The Australian National Maritime Museum, along with the Cultural Heritage Agency of the Netherlands, Silentworld Foundation and the Silentworld Robe Branch of the National Trust of South Australia, recently held a public presentation at the Robe Institute.

The following summary was published in the Robe Community News.

The groups launched a booklet as part of the ongoing Koning Willem de Tweede Shipwreck Project.

Titled ‘Wrecks and Relics: Looking After Maritime Archaeological Finds in the Robe Region’, the booklet discussed Dutch ties to Robe’s maritime past, the preservation and stabilisation of maritime cultural heritage, and pertinent State and Commonwealth heritage legislation.

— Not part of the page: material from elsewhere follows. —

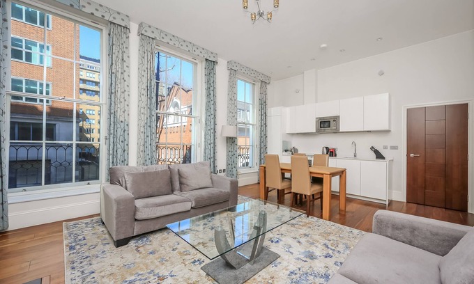 The apartment is 5 minutes walk from the nearest Underground station and is located in the historic Bloomsbury quarter, an area noted for its beautiful garden squares. It was the home of Charles Dickens and the house where he lived is now the Dickens museum. The British Museum is a few minutes' walk away and there is a range of other attractions in the vicinity.

Copies of the free booklet were handed out on the night and extra copies are available at the Robe Customs House.

Supper was provided by the Robe Branch National Trust featuring Dutch specialties for attendees to enjoy.

The following morning, a workshop on conserving and caring for archaeological artifacts took place at the Robe Customs House Maritime Museum.

Dr James Hunter from the project gave the approximately 50 attendees an update on what has been found so far, and what the next steps will be in their search for the wreck site.

The project’s primary goal is to search for, locate, and conduct an archaeological survey of the historic ship’s remains.

Additionally, the project team, in collaboration with the local community, aim to document any privately or publicly held items recovered from the wreck and offer conservation guidance for their future preservation.

Koning Willem de Tweede, an 800-ton Dutch barque, met its end off Guichen Bay’s Long Beach on June 30, 1857, resulting in the loss of 16 lives.

Just before this tragedy, over 400 Chinese miners en route to the gold fields in Bendigo and Ballarat, Victoria, disembarked from the vessel.

The Koning Willem de Tweede Shipwreck Project received support from the Dutch Ministry of Foreign Affairs, facilitated through the Embassy of the Kingdom of the Netherlands, Australia, and the Cultural Heritage Agency of the Netherlands.